What is a general solution to the differential equation #dy/dt+3ty=sint#?

2 Answers
Sep 8, 2016

cannot be solved using elementary functions

Explanation:

#dy/dt+3ty=sint#

we can make the LHS exact by using an integrating factor #xi(t) = e^(int 3t dt) = e^((3t^2)/2)#

#xi (dy/dt+3ty)=xi sint#

#implies e^((3t^2)/2)dy/dt+ e^((3t^2)/2)3ty= e^((3t^2)/2) sint#

this is helpful because the LHS is now:

# e^((3t^2)/2)dy/dt+ e^((3t^2)/2)3ty = d/dt( y e^((3t^2)/2) )#

So # d/dt( y e^((3t^2)/2) ) = e^((3t^2)/2) sint#

and now the RHS looks horrible

#implies y e^((3t^2)/2) =int e^((3t^2)/2) sint dt#

which cannot be solved using elementary functions

Sep 8, 2016

#y = i C_1"Im"[e^gamma sqrt(pi)/2"erf"(i/sqrt[6] - sqrt[3/2] t)]e^(-3/2t^2)#

Explanation:

The differential equation is linear non homogeneous so the solution is composed as

#y = y_h + y_p#

where

#(dy_h)/(dt)+3t y_h = 0#
#(dy_p)/(dt)+3t y_p = sint#

The homogeneous solution can be easily obtained. So grouping variables

#dy_h/y_h=-3tdt#

giving

#y_h = C e^(-3/2t^2)#

The particular solution can be obtained adopting the so called constants variation technique due to Lagrange. Posing

#y_p = C(t)e^(-3/2t^2)# and substituting in the particular equation, giving

#d/(dt)C(t) = e^(-3/2t^2)sint#

The next step is the #C(t)# determination.
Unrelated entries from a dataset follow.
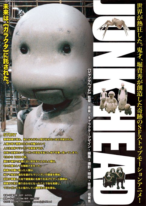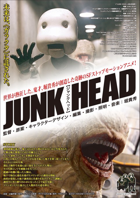 只今、Amazonプライムビデオで絶賛!見放題配信中!の『JUNK HEAD』。 度々ですが、『JUNK HEAD』の創作ポスターの第3弾を作成しました。 静寂的な第1弾と第2弾とは違い、アクション要素を匂わせるデザインにしてみました。 #JUNKHEADファンアート #JUNKHEAD twitter.com/orangepokemori…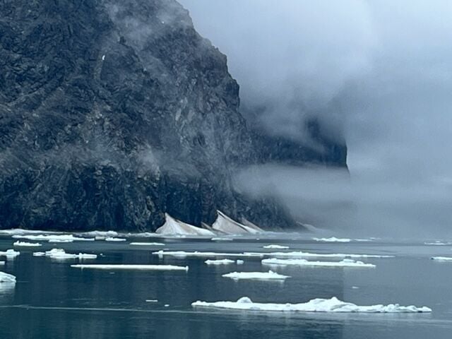 We are in a water world: freshwater rain, saltwater ocean, ice in the form of icebergs, sea ice, multiyear ice, and water particles in the fog and clouds that hide the horizon. As Captain Martin tells us, “You really learn how to drive a ship in ice because that’s where it’s really tricky.” The Bridge Team does an exceptional job.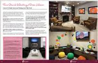 I also like to use area rugs in the waiting areas to convey a residential feel and a welcoming image. My favorite area rug that I designed for Crocker’s Fine Jewelry, Texarkana, TX, shown on Page 38, is a super thick and vey textural rug under the cocktail table. This gives the space a contemporary look like the store’s design.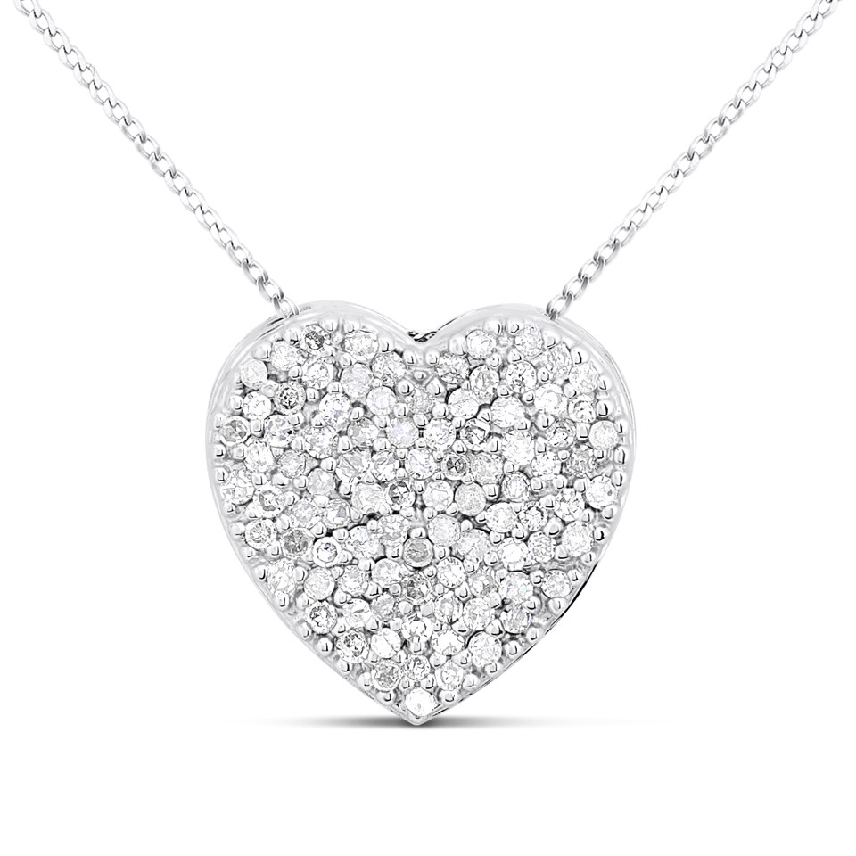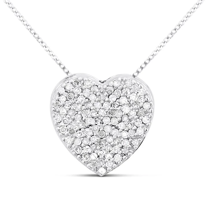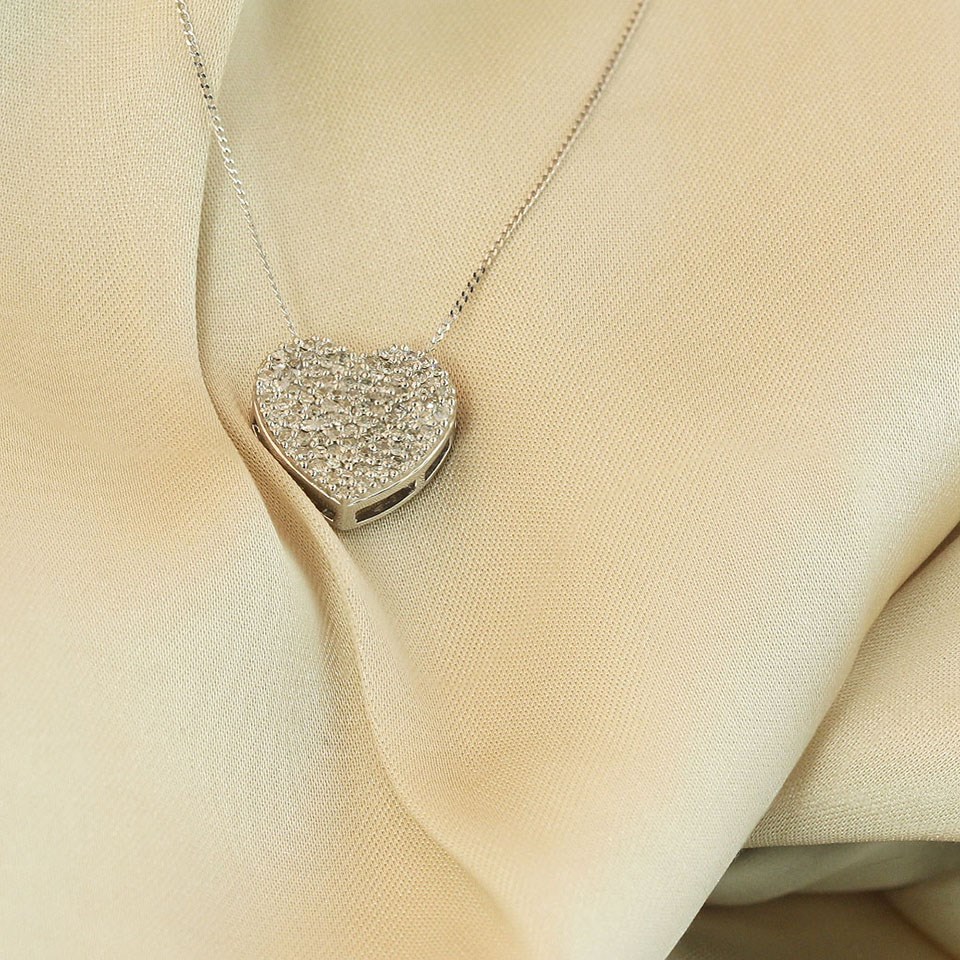 9ct White Gold Diamond-Set Heart Slider Necklace-1/4ct - D56161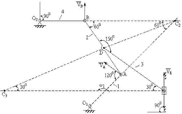 Пример 2. На рис. 11.4. представлен механизм в данном положении: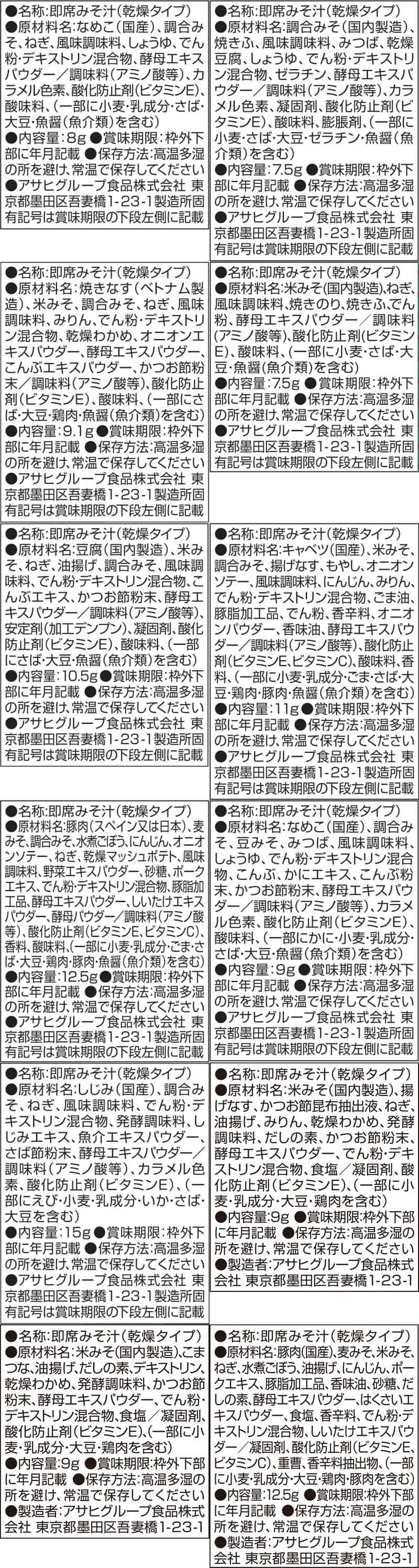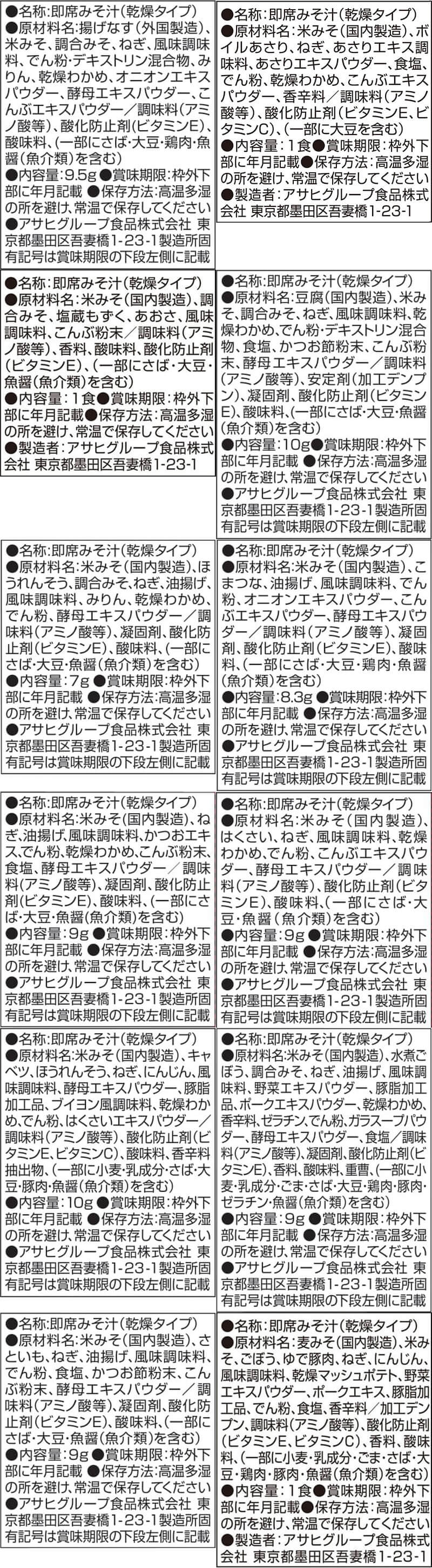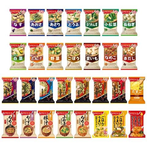 ■ いつものおみそ汁 なす 9.5g あさり 7.4g あおさ 8.2g とうふ 10g ほうれん草 7g 小松菜 8.3g 長ねぎ 9g 白菜 9g 野菜 10g ごぼう 9g 里いも 9g とん汁 10.5g なめこ 赤だし 8g 赤だし 三つ葉入り 7.5g ■ いつものおみそ汁 贅沢 焼なす 9.1g 海苔 7.5g とうふ 10.5g 炒め野菜 11g 豚汁 12.5g なめこ 9g しじみ 赤だし 15g ■ 旨だし おみそ汁 なす汁 合わせ 9g こまつ菜 合わせ 9g 豚汁 12.5g なめこ 合わせ 8g なめこ 赤だし 8g ■ Theうまみ たまごスープ 11g ■ Theうまみ ごはんがうまい! 特製たまごスープ 7.0g スパイスカレースープ 8.7g 旨辛チゲスープ 8.9g 30種 30食 |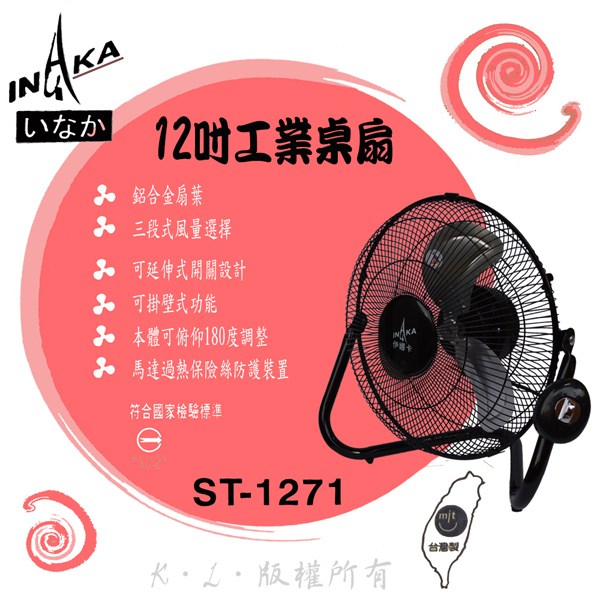 【伊娜卡】12吋工業桌扇 ST-1271
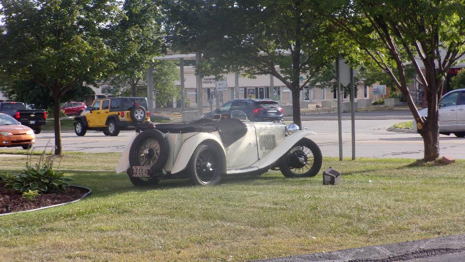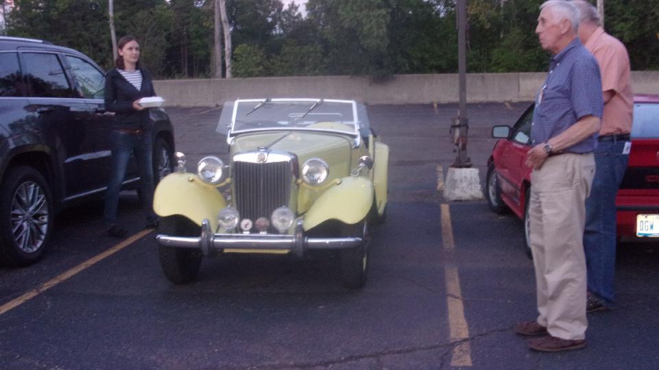 After tough night we slept in a bit, had a short late morning chat, ran off to brunch, and didn't get anything notable accomplished. But we did lay plans to return next week end to see if we could help. Then pointed it south and east and sough some more. Had an evening appointment for a club meeting with Lake Erie British Car Club in Maumee, OH. It said 7-pm meeting, but it looked like we were late, as most everyone had half eaten dinner by the time we arrived. Nothing new, just that no one said to come early for dinner. Nice club meeting with about 20 people stating promptly at 7, concluded by 8:30.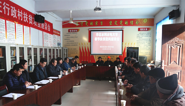 马书臣、高京燕一行将扶贫款交予夏庄村,并为贫困户送去了米、面、油等春节慰问品。我校现任驻村第一书记司保江详细汇报了履职三个月的工作情况和下一步工作规划;前任第一书记张胜前饱含深情地回顾了驻村工作、汇报了工作体会。

#C(t) = int e^(-3/2t^2)sint dt#. We will solve this integral solving instead

#-i "Im"[int e^(-3/2t^2)(cost+isint)dt]#

#int e^(-3/2t^2)(cost+isint)dt = int e^(-3/2t^2+i t) dt#

Choosing now #alpha, beta, gamma# such that

#(alpha t + i beta)^2=-(-3/2t^2+i t + gamma)#

#alpha = sqrt[3/2], beta = -1/sqrt[6], gamma = 1/6#

and making #y = alpha t + beta# we have

#alpha dt = dy# and the integral reads

#int e^(-3/2t^2+i t) dt equiv e^(gamma)int e^(-y^2) dy = e^gamma sqrt(pi)/2"erf"(y)#

so, finally

#C(t) = i "Im"[e^gamma sqrt(pi)/2"erf"(i/sqrt[6] - sqrt[3/2] t)]#

and

#y = i C_1"Im"[e^gamma sqrt(pi)/2"erf"(i/sqrt[6] - sqrt[3/2] t)]e^(-3/2t^2)#